With that, of course, you couldn’t reason, couldn’t talk at all.... What
he really wanted to do, burned to do, was to tell the exact truth. He
had passed the point where he could give Betty up; he would have to
fight for her now, whatever happened. His one great fear had been
that Betty’s father would be incapable of entertaining the truth
dispassionately, fairly.
 
But the actual Doane cleared his over-charged brain as a mountain storm
will clear murky air. Here was a giant of a man who meant business. Back
of that strong face, back of the deep voice, Brachey felt a pressure
of anger. It was not Christian forbearance; it was vigor and something
more; something that perhaps, probably, would come out before they were
through with each other. There was a restless power in the man, a
wild animal pacing there behind the slightly clouded eyes. Even in the
blinding fire of his own love for Betty he could look out momentarily
and see or feel that this giant was burning too. And what he saw or
felt, turned his heart to ice and his brain to tempered metal. Sympathy
would have reached Brachey this night; weakness, blundering, might have
reached him. But now, of all occasions, he would not be intimidated.. ..
He felt the change coming over him, dreaded it, even resisted it; but
was powerless to check it. The man proposed to beat him down. No one had
ever yet done that to Jonathan Brachey. And so, though he tried to speak
with simple frankness in saying, “I came to see your daughter,” the
words came out coldly, tinged with defiance, between set lips.
 
It might easily mean a fight of some sort, Brachey reflected. This
mountain of a man could crush him, of course. Primitive emotion charged
the air as each deliberately stud’ed the other.... It would hardly
matter if he should be crushed. There were no police in T’airan to
protect white men from each other. His wife would be relieved; a queer,
bitter sob rose part way in his throat at the thought. There was no one
else... save Betty. Betty would care! And this man was her father! It
was terrible.... He was struggling now to attain a humility his austere
life had never known; if only he could trample down his savage pride,
hear the man out, swallow every insult! But in this struggle, at first,
he failed. Like a soldier he faced the huge fighting man with a pack on
his back.
 
“You knew my daughter on the steamer?”
 
“Yes.”
 
“Before that--in America?”
 
“No.”
 
“There is something between you?”
 
“Yes.”
 
“You are a married man?”
 
“Yes.”
 
Doane, his face working a very little, his arms stiff and straight at
his sides, came a step nearer. Brachey lifted his chin and stared up the
more directly at him. “You seem to have a little honesty, at least.”
 
“I am honest.”
 
“How far has this gone?”
 
Brachey was silent.
 
Doane took another step.
 
“Why don’t I kill you?” he breathed.
 
It was then that Brachey first caught the full force of Doane’s
emotional torment.
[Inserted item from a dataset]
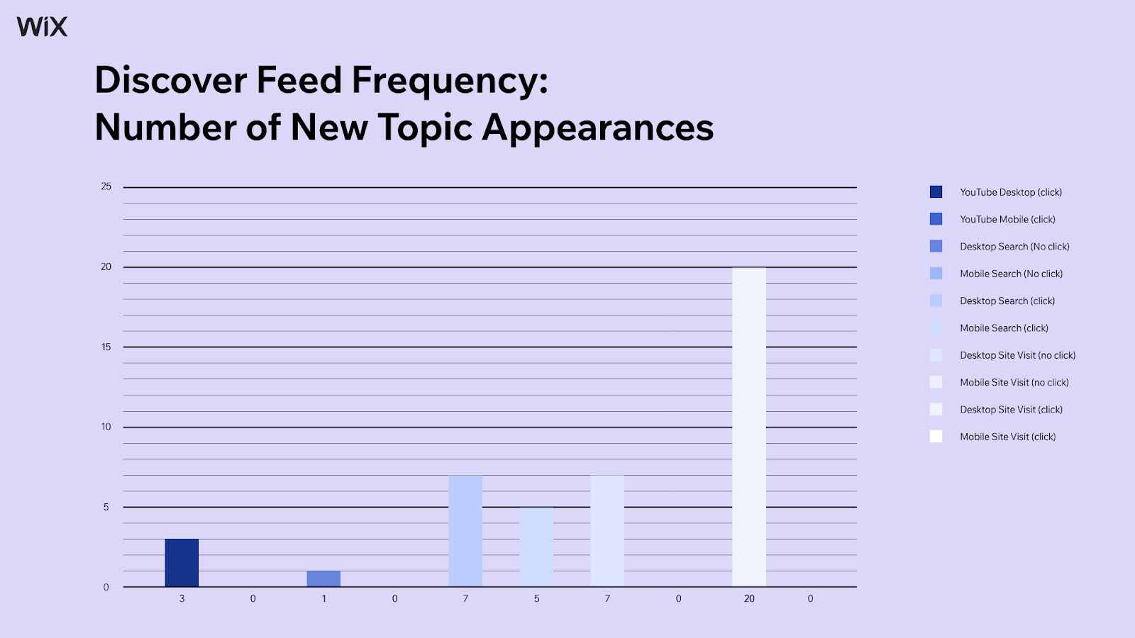 As I mentioned, I wanted to see the impact of the various online behaviors on my Discover Feed. That is, how frequently did Google insert content related to the topics associated with each specific behavior into my feed?

To say that he did not flinch, inwardly, would be
untrue; but all that Doane saw was a slight hesitation before the cold
reply came: “I can not answer that question.”
 
“You can answer the other. How far has this gone?”
 
Brachey again clamped his lips shut. The situation, to him, had become
inexplicable.
 
“Will you answer?”
 
“No.”
 
Doane’s eyes blazed down wildly. And Doane’s voice broke through the
restraint he had put upon it as he cried:
 
“Have you harmed my little girl?”
 
Brachey was still.
 
“Answer me!” Doane’s great hand came down on his shoulder. “Have you
harmed her?”
 
Brachey’s body trembled under that hand; he was fighting himself,
fighting the impulse to strike with his fists, to seize the lamp, a
chair, his walking stick; he held his breath; he could have tossed a
coin for his life; but then, wandering like a little lost breeze among
his bitter thoughts, came a beginning perception of the anguish in
this father’s heart. It confused him, softened him. His own voice was
unsteady as he replied: “Not in the sense you mean.”
 
“In what sense, then?”
 
Brachey broke away. Doane moved heavily after him, but stopped short
when the slighter man dropped wearily into a chair.
 
“I’m not going to attack you,” said Brachey, “but for God’s sake sit
down!”
 
“What did you mean by that?”
 
“Simply this.” Brachey’s head dropped on his hand; he stared at the
floor of rough tiles. “I love her. She knows it. She even seems to
return it. I have roused deep feelings in her. Perhaps in doing that I
have harmed her. I can’t say.”
 
“Is that all? You are telling me everything?”
 
“Everything.”
 
Doane walked across the room; came back; looked down at Brachey.
 
“You know how such men as you are regarded, of course?”
 
“No.... Oh, perhaps!”
 
“You will leave T’ainan, of course.”
 
“Well...”
 
“There is no question about that. You will leave.”
 
“There’s one question--a man dislikes to leave the woman he loves in
actual danger.”
 
An __EXPRESSION__ of bewilderment passed across Duane’s face.
 
“You admit that you are married?”
 
“Oh, yes!”
 
“Yet you speak as my daughter’s lover. Does the fact of your marriage
mean nothing to you?”
 
“Nothing whatever.”
 
“Oh, you are planning to fall back on the divorce court, perhaps?”
 
“Yes.” Brachey’s head came up then. “Does love mean nothing to you?” he
cried. “In your narrow, hard missionary heart is there no sympathy for
the emotions that seize on a man and a woman and break their wills and
shake them into submission?”
 
Looking up, he saw the color surge into Doane’s face. Anger rose there
again. The man seemed desperate, bitter. There was no way, apparently,
to handle him; he was a new sort.
 
Doane crossed the room again; came back to the middle. He seemed to be
biting his lip.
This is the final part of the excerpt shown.